- _EXERCISE DESCRIPTION_: Repeat, exactly as they appear, the lines from the one with "im Wintersemester 2025/2026" through the last line of the entries below, but none of the pictures.

BEGIN

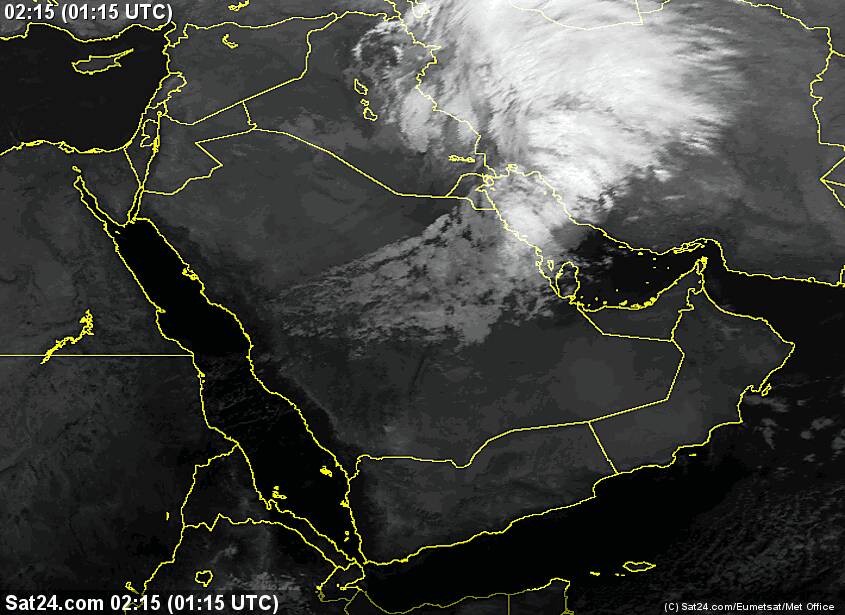 كما نلاحظ من صور الاقمار تأثر دول الخليج بمنخفض جوي وأمطار متفاوتة الغزارة من خفيفة الى متوسطة وأحيانا رعدية غزيرة في الكويت
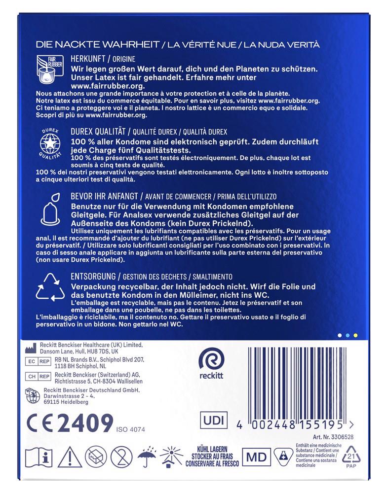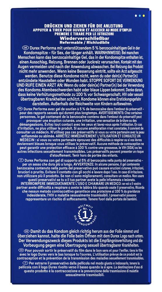 For sex that lasts longer! The transparent Performa condoms from Durex have gel tip that contains 5% benzocaine – this can help to delay climax and prolong the arousal phase. The condoms are covered in silicone-based lubricant. Compared to conventional cylindrical condoms, the innovative and anatomical Easy-on shape offers a little more space in all the right places – this means that they are easier to put on and roll off, as well as fitting comfortably as well.
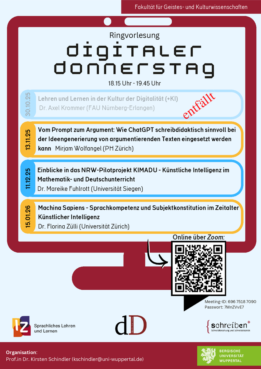 Die Ringvorlesung "Digitaler Donnerstag" im Wintersemester 2025/2026
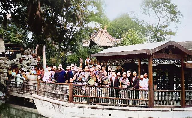 这个画面摆得规规整整,满桥子都是穿长袍马褂的男男女女,有头有脸的官员旁边还夹着几个老外,这叫做各色人物一台唱,合个影谁也别抢风头,里面有的是官,有的是外宾,神情有松有紧,有人不苟言笑,有人压根笑不出来,留个影,热闹也就留在旧纸片里,家里要是还保存一张,一传几代都不舍得扔。
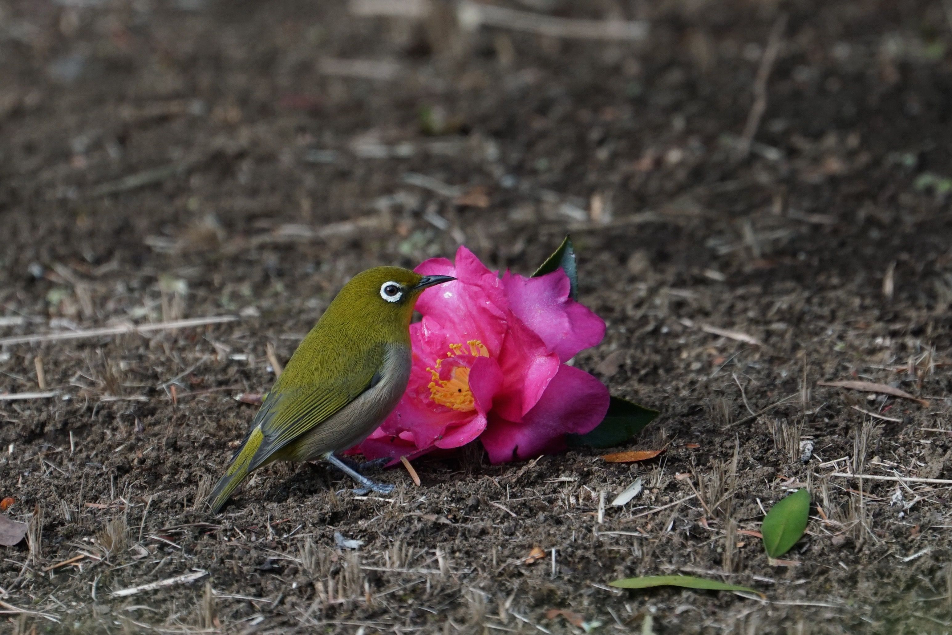 落ちていたツバキの花の前でポーズ

END

- _EXERCISE RESULT_:
 Die Ringvorlesung "Digitaler Donnerstag" im Wintersemester 2025/2026
 这个画面摆得规规整整,满桥子都是穿长袍马褂的男男女女,有头有脸的官员旁边还夹着几个老外,这叫做各色人物一台唱,合个影谁也别抢风头,里面有的是官,有的是外宾,神情有松有紧,有人不苟言笑,有人压根笑不出来,留个影,热闹也就留在旧纸片里,家里要是还保存一张,一传几代都不舍得扔。
 落ちていたツバキの花の前でポーズ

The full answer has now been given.